**Exercise brief**
For the data below, retype word for word the lines from the one containing "Home >  Quinceanera Dresses >  Cute" through the one containing "Yalaka’ todu i"; drop the pictures.

╭─ Data extract

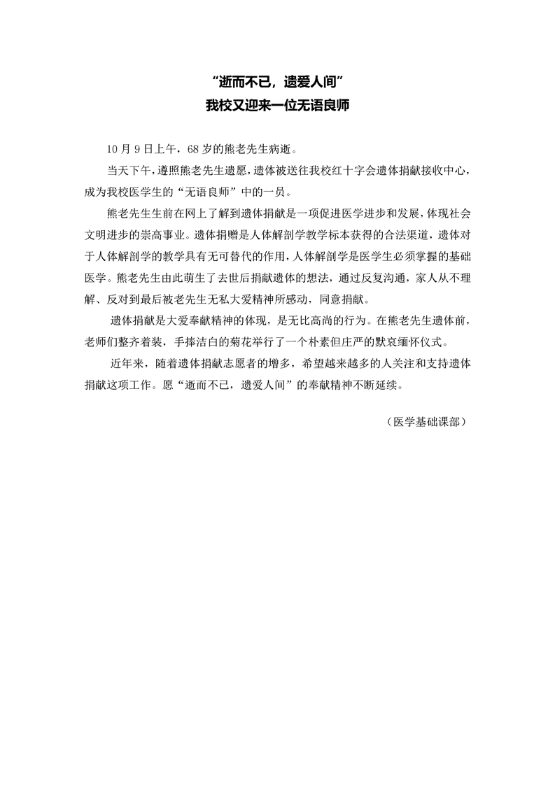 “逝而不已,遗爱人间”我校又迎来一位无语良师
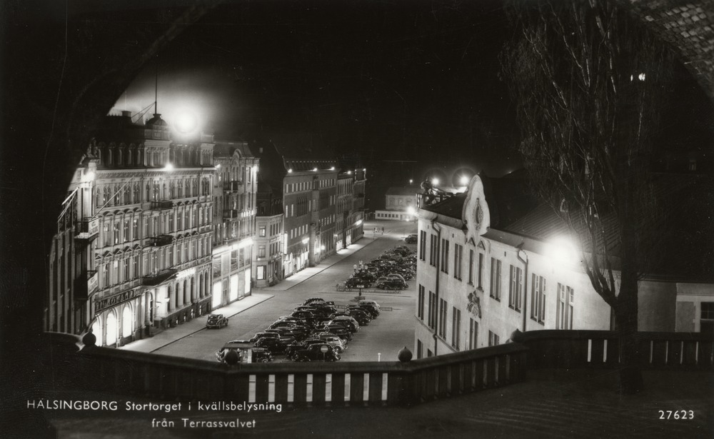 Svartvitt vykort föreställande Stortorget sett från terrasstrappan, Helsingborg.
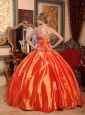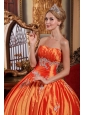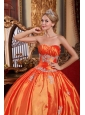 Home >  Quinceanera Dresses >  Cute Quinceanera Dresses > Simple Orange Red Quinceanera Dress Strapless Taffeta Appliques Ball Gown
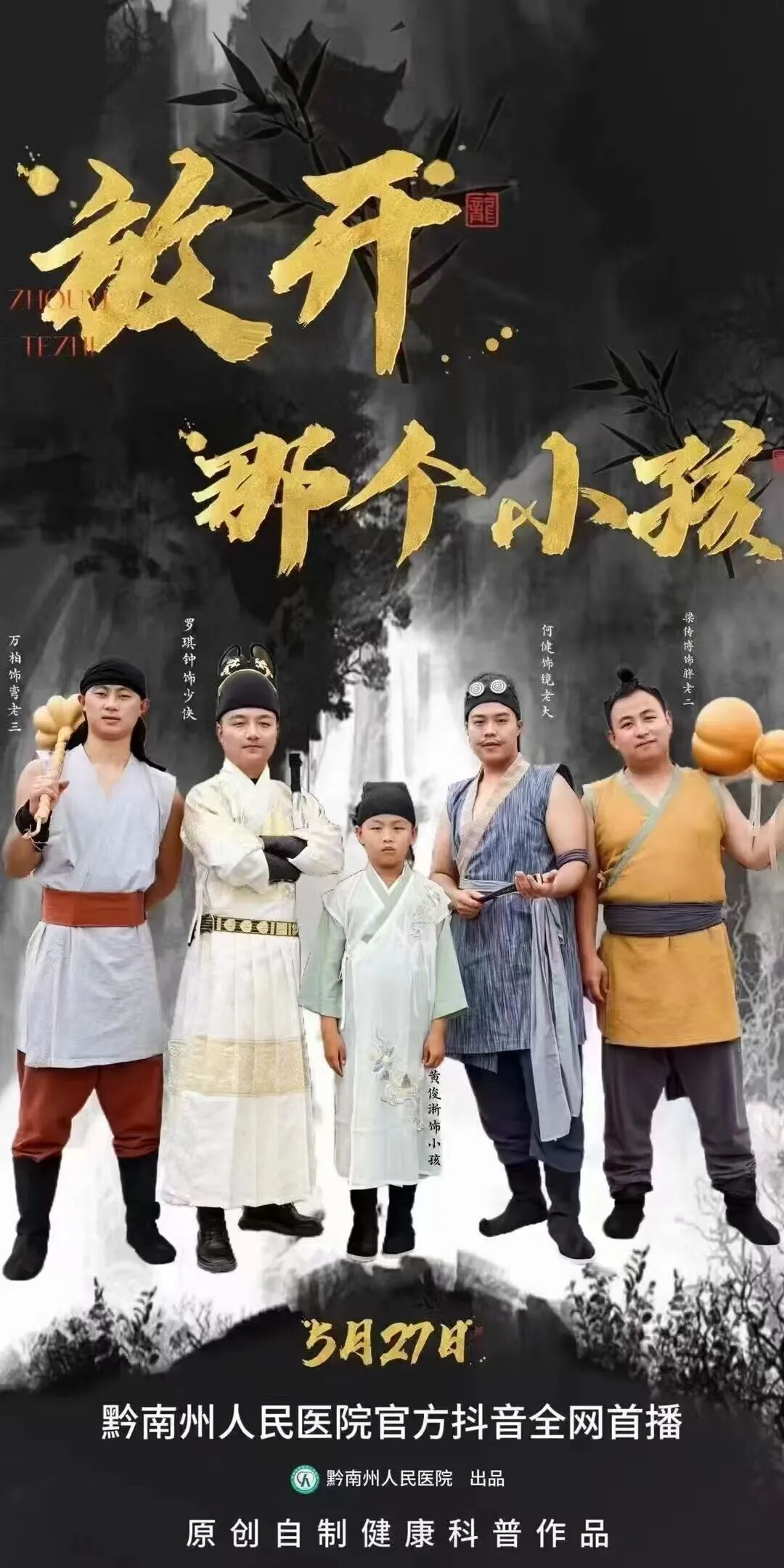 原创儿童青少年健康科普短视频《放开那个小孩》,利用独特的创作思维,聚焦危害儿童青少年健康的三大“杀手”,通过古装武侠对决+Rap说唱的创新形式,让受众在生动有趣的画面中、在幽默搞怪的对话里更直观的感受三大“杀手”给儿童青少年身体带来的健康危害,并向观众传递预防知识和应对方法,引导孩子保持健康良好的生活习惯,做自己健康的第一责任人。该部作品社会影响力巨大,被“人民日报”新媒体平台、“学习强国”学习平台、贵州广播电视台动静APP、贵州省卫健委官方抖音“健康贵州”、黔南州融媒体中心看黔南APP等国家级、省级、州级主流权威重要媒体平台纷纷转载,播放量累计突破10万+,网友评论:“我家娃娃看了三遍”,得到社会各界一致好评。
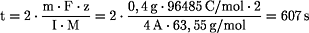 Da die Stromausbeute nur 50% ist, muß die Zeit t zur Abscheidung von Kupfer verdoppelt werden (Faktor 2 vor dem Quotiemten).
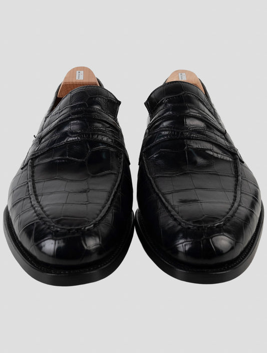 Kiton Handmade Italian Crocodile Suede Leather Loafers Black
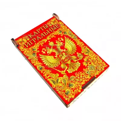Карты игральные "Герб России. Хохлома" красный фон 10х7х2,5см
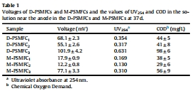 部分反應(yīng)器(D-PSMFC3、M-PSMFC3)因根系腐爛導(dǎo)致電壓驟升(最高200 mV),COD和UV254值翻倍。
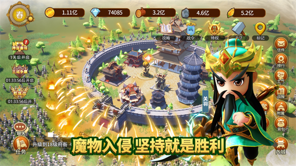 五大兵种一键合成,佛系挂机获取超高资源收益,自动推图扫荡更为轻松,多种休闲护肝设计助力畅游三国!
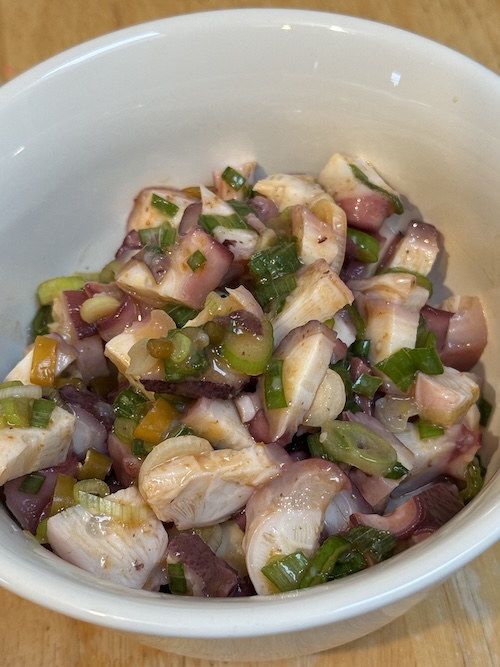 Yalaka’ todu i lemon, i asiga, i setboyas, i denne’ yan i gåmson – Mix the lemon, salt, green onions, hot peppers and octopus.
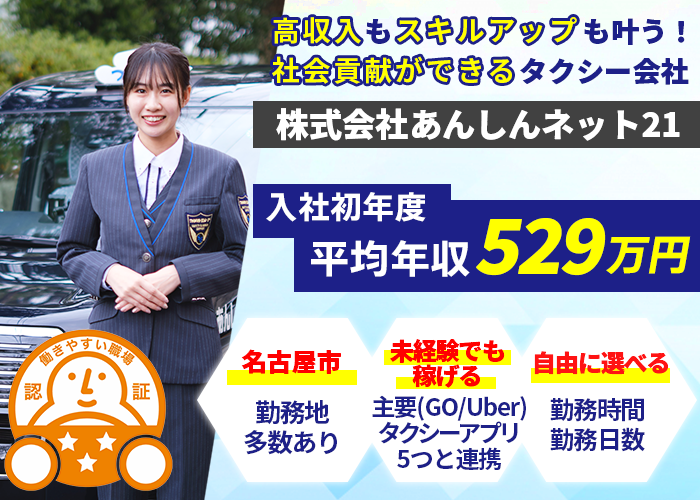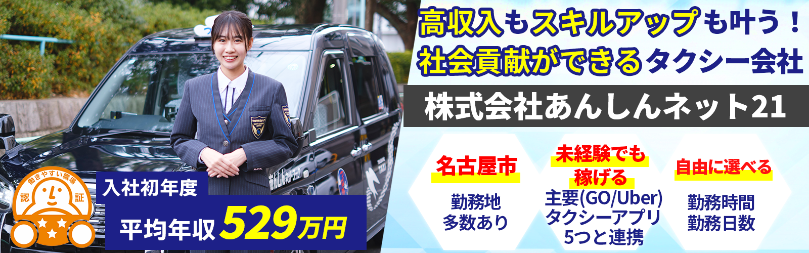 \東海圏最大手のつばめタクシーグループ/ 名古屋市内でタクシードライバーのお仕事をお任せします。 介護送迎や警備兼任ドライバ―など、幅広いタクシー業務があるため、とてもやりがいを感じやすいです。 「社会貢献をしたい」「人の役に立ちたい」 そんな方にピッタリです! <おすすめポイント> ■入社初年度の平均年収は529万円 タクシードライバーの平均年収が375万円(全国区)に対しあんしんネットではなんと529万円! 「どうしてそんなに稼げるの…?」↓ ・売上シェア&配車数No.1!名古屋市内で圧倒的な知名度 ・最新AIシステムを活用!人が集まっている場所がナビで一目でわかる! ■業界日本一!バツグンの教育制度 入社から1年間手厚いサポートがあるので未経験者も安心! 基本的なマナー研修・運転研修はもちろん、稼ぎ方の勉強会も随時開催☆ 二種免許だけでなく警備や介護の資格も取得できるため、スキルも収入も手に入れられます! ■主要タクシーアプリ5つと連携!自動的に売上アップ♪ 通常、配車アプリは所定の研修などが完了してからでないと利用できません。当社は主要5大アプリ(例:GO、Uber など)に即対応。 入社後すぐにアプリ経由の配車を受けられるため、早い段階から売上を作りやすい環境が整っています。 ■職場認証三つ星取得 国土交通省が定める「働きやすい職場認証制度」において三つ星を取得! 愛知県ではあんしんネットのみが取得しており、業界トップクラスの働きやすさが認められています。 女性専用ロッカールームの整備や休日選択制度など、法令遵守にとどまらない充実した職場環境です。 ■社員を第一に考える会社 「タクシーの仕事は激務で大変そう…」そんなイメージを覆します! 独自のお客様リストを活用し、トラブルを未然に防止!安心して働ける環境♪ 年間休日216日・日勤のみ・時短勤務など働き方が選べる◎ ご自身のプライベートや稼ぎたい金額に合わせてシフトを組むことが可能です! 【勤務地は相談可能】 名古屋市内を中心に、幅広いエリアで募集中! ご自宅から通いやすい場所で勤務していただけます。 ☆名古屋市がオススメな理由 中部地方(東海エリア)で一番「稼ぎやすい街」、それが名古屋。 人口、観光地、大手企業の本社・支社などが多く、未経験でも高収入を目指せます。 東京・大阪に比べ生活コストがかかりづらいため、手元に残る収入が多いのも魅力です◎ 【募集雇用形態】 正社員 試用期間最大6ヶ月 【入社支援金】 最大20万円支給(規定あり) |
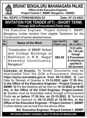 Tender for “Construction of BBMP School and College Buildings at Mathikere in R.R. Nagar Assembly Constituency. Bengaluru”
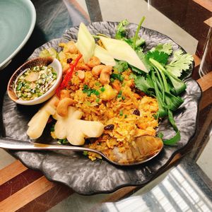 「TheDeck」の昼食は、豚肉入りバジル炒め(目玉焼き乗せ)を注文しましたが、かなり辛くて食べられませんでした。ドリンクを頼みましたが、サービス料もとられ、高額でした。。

╰─

**Answer for this exercise**
 Home >  Quinceanera Dresses >  Cute Quinceanera Dresses > Simple Orange Red Quinceanera Dress Strapless Taffeta Appliques Ball Gown
 原创儿童青少年健康科普短视频《放开那个小孩》,利用独特的创作思维,聚焦危害儿童青少年健康的三大“杀手”,通过古装武侠对决+Rap说唱的创新形式,让受众在生动有趣的画面中、在幽默搞怪的对话里更直观的感受三大“杀手”给儿童青少年身体带来的健康危害,并向观众传递预防知识和应对方法,引导孩子保持健康良好的生活习惯,做自己健康的第一责任人。该部作品社会影响力巨大,被“人民日报”新媒体平台、“学习强国”学习平台、贵州广播电视台动静APP、贵州省卫健委官方抖音“健康贵州”、黔南州融媒体中心看黔南APP等国家级、省级、州级主流权威重要媒体平台纷纷转载,播放量累计突破10万+,网友评论:“我家娃娃看了三遍”,得到社会各界一致好评。
 Da die Stromausbeute nur 50% ist, muß die Zeit t zur Abscheidung von Kupfer verdoppelt werden (Faktor 2 vor dem Quotiemten).
 Kiton Handmade Italian Crocodile Suede Leather Loafers Black
Карты игральные "Герб России. Хохлома" красный фон 10х7х2,5см
 部分反應(yīng)器(D-PSMFC3、M-PSMFC3)因根系腐爛導(dǎo)致電壓驟升(最高200 mV),COD和UV254值翻倍。
 五大兵种一键合成,佛系挂机获取超高资源收益,自动推图扫荡更为轻松,多种休闲护肝设计助力畅游三国!
 Yalaka’ todu i lemon, i asiga, i setboyas, i denne’ yan i gåmson – Mix the lemon, salt, green onions, hot peppers and octopus.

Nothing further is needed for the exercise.